His voice was both angry and pleading, and she didn’t answer him. She was tired of being asked for things. She was tired of being asked for things by people who didn’t deserve to ask at all, and so she was keeping her things. She was keeping her money and her time and her help, and so yes, he was going to have to fend for himself. And she wasn’t sorry. Another raindrop landed on Tilda’s cheek, and she left it there. She was already on the trail and moving downhill. There was no one to see it.
When she got to the place where the dirt turned to asphalt, no one was around. The houses looked as though they had shut themselves up and pulled themselves in tight. Now out of the trees, Tilda looked up and saw the clouds had changed in the last twenty minutes. They were lower and darker than she remembered, and she was starting to doubt her earlier prediction. She wasn’t at all sure the storm would wait until it hit the mainland to tear itself open.
The wind pushed over a nearby trash bin left by the curb, and a red plastic cup rolled out and blew past Tilda’s feet too fast for her to stop it.
“Shit.”
She pulled her phone out of her pocket to check the ferry schedule. It was too nasty to take her own boat back. She would have to leave it at the dock, come back for it later. She was walking fast, trying to put as much distance between herself and Tip as she could. She didn’t want him to see her, to catch her, to touch her. She couldn’t bear the idea of it, and she jabbed at the screen harder, trying to make the page load faster.
“Ferry Service Canceled.”
“Goddammit,” Tilda shouted and threw her phone to the ground. It bounced in its protective case and landed screen up, the same message still shining up at her.
“Ferry Service Canceled.”
38.
It was easy not to notice the clouds when there were always clouds. So who was to say it hadn’t been coming for hours? But it didn’t feel like hours. It was as though a sheet were dropped over the setting sun, like the lowering of a backdrop during a play. And now when the crowds of Last-Minute Lindas raised their eyes to the sky, they saw thick swirling clouds of the darkest gray broken only with streaks of olivey green, which scared them. The clouds roiled like something was alive inside them trying to get out, and they were monstrous.

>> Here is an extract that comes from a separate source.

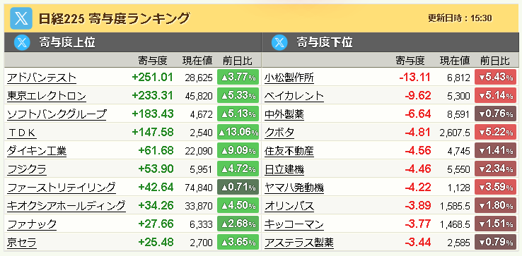 600円ほどは上位3社の上昇分 いつもの半導体上げ

They were so large they filled the sky all the way to the horizon no matter what direction you looked, and even the sky was not large enough to hold them. And so they pressed downward, lower and lower, until even the bravest started to feel the breath of claustrophobia on their necks.
The wind got stronger, moving the clouds and pulling on the trees and on their clothes. Hair whipped into the faces of the women until they were all but blinded, but still they stayed. The assembled crowd wanted to see the miracle before the Artemia lucis faded, the adults died off, the eggs went into stasis, inert until something—something they still did not understand—one hundred years from now woke them and started the process all over again. People had always clustered around the research site, but now there were so many that they had to spread out, some of them going down to the most inaccessible area of the bay—just where Rachel needed to work.
Fish and Wildlife had dispatched more deputies with more yellow tape, cordoning off all of it and standing guard. The crowd, nervous now as sheep with the smell of wolf in the wind, lowered their chattering and turned their eyes to the sky. Their phones, once at the ready to capture the first glow, were lowered.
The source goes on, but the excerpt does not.